I wished that I had brought the Nikon with me today - then remembering all the hills maybe not!

Sunday 2 August 2015

Day 21 Santa Maria del Giuduce to San Gimignano

What an amazing end to a ride. San Gimignano is full of tourists but what a beautiful location. I have pedalled 1100 miles in the last 3 weeks and as I sit here smugly enjoying the amazing view of Tuscany and a cold Coke I think the last 5 miles was well worth it!

The short ride to Lucca was over pretty quickly and I was up and cycling around on the top of the Roman city wall in no time. Such a good place to pedal around with great views into the old city but very busy. It might be my eyes but all Italian towers appear to be leaning now!

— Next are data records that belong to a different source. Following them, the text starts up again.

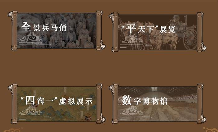 秦始皇帝陵博物院在官方網站推出“數字展示”欄目,包含“全景兵馬俑”“平天下展覽”“四海一虛擬展示”“數字博物館”四大板塊。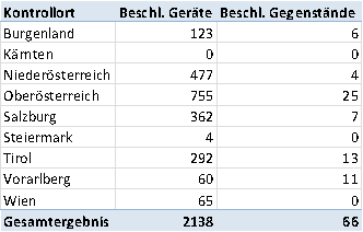 Von der österreichischen Finanzpolizei wurden nachstehend angeführte Glücksspielgeräte und sonstige Eingriffsgegenstände gemäß GSpG vorläufig beschlagnahmt:
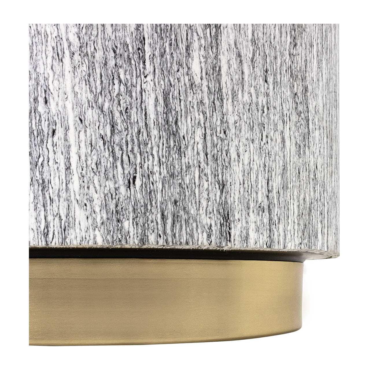 The Khamisi table features a cylindrical body supported by a gold base. Whether placed in the living room or bedroom, this neutral tone piece is sure to lend an air of luxury and warmth to any setting.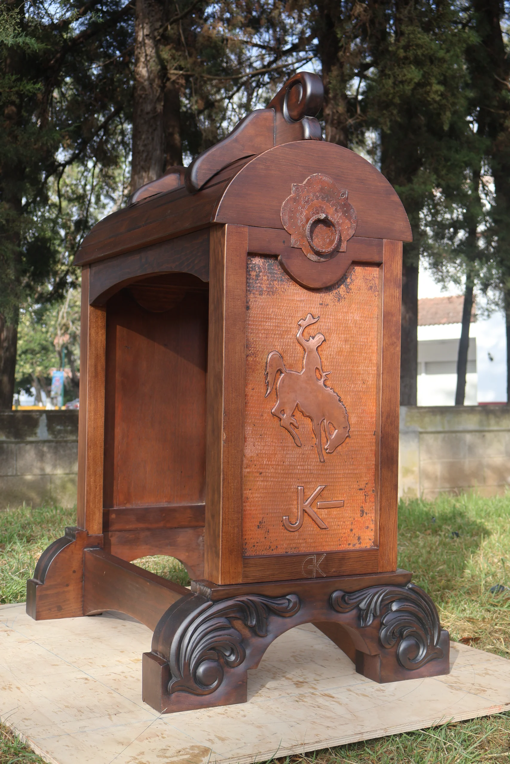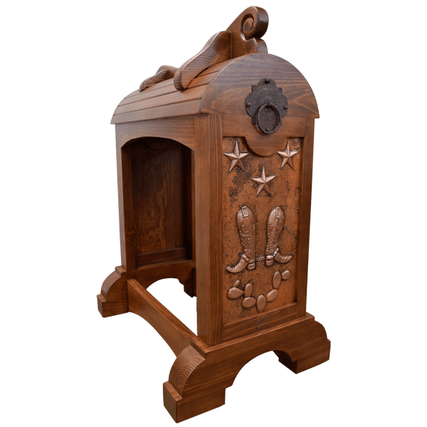 Every saddle stand comes with a beautiful copper plate that you can personalize to reflect your identity. Whether it’s your ranch brand, initials, name, western landscapes, or decorative motifs, each piece becomes one of a kind. Take a look at these examples to inspire your own custom design.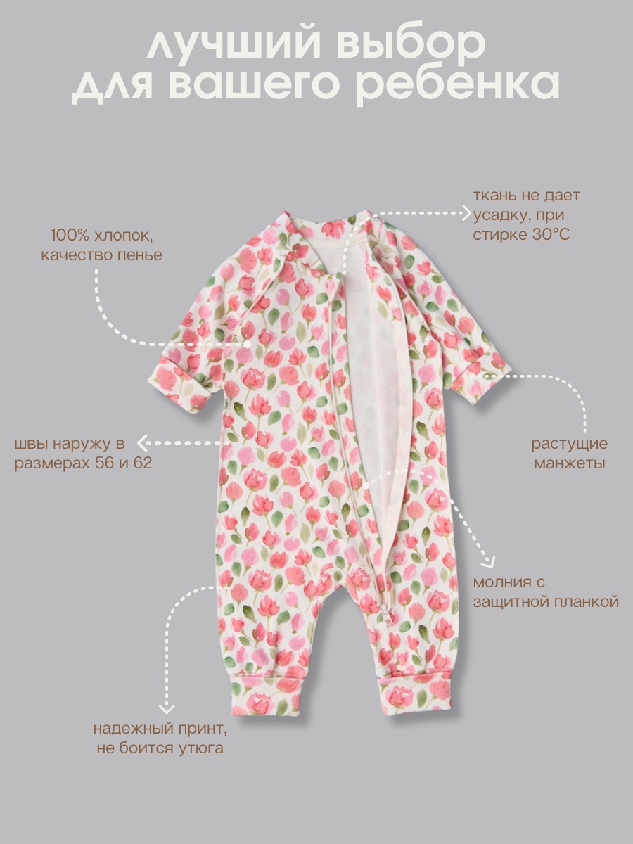 — Комбинезон 100% хлопок: натуральный, гипоаллергенный, дышащий материал.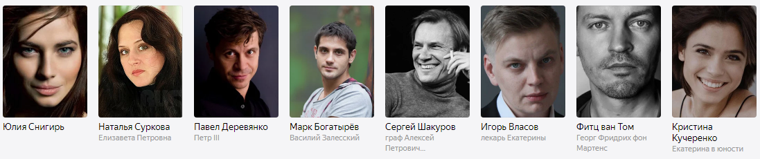 На роль Екатерины Великой пригласили молодую актрису Эль Фаннинг. Деспотичного и любвеобильного супруга императрицы Петра III сыграл Николас Хорт.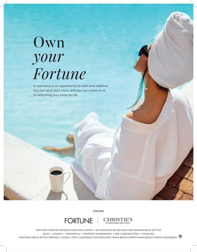 In 2022, Fortune joined forces with Christie’s International Real Estate, the world’s premier luxury real estate brand and network, as the brand’s exclusive affiliate in Miami-Dade and Broward counties adding enhanced global reach and luxury capabilities.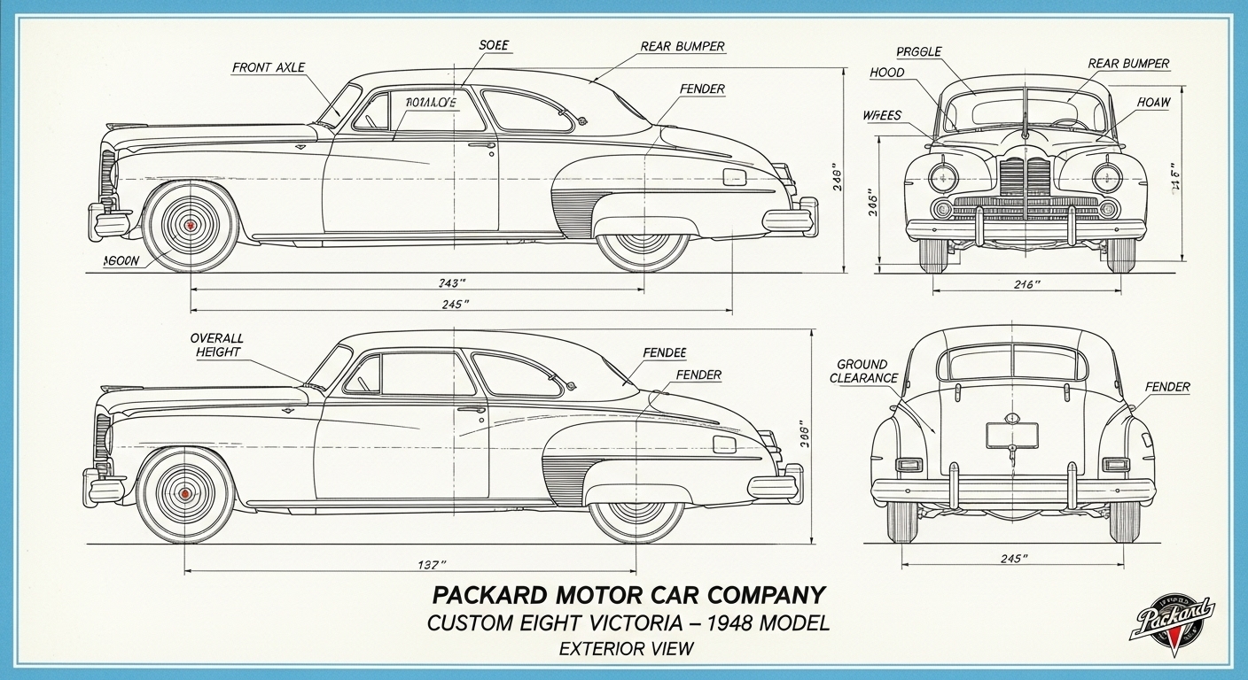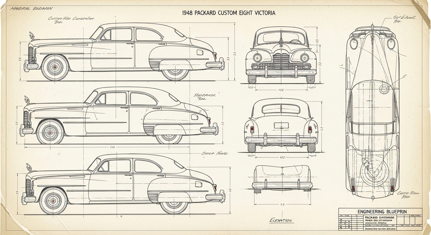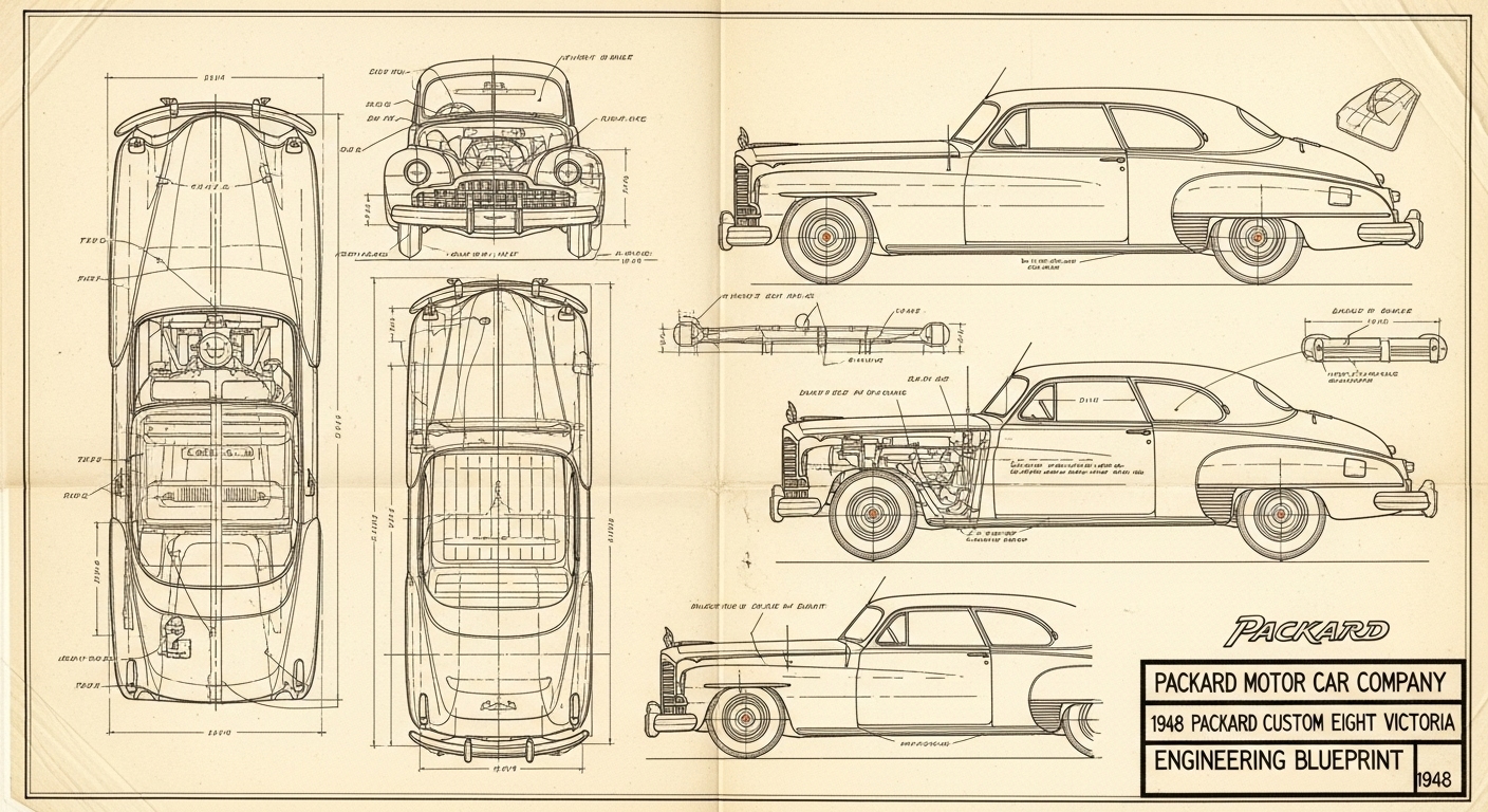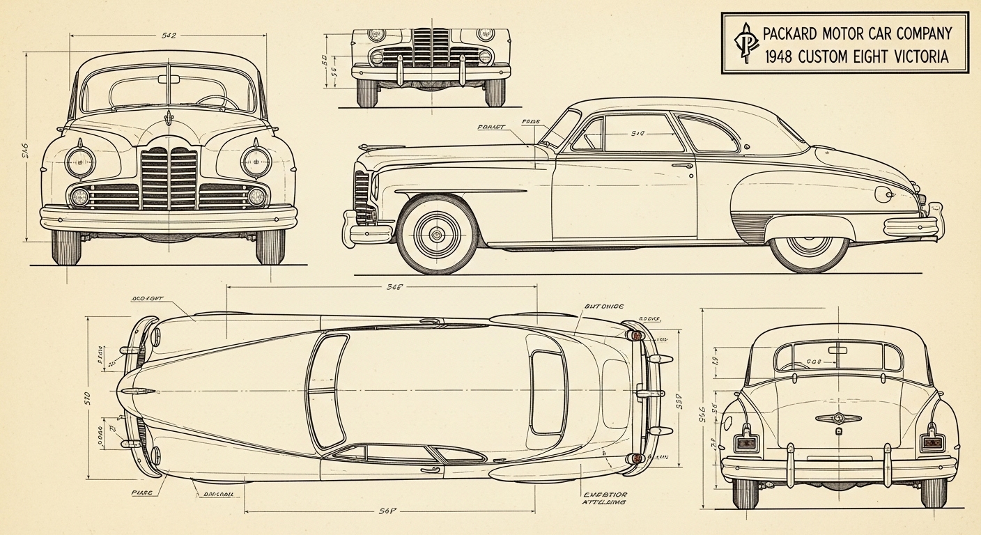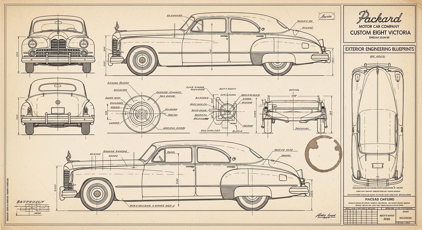 A.I. cars & engines 1948 Packard Custom Eight Victoria exterior engineering blueprints

Likewise the narrow lanes in town were heaving with tourists so I headed out of town and made my way along the SP3 towards Chianti country. This was also busy but at least no lorries as they seem to stay away on Sundays. Eventually at Fuchecchio I was on the quieter SR429 and could accelerate up to cruising speed of 15 mph and enjoy the countryside going by.

This was as near as I could get to tea and scone at Castelfiorentino. Cappuccino and some sort of pastry stuffed with creme. Very nice and kept me going until lunch in a very basic Pizza Restaurant where pizza was off the menu but I could get rabbit, pig, cow, sheep etc roasted in the wood oven. Luckily spaghetti pomodoro was available for the non-meat eater or else I could have been in for a couple of hours of starvation.

I'm not sure how this lady cycled with a cello on her back but I cannot imagine that it would be good for the cello!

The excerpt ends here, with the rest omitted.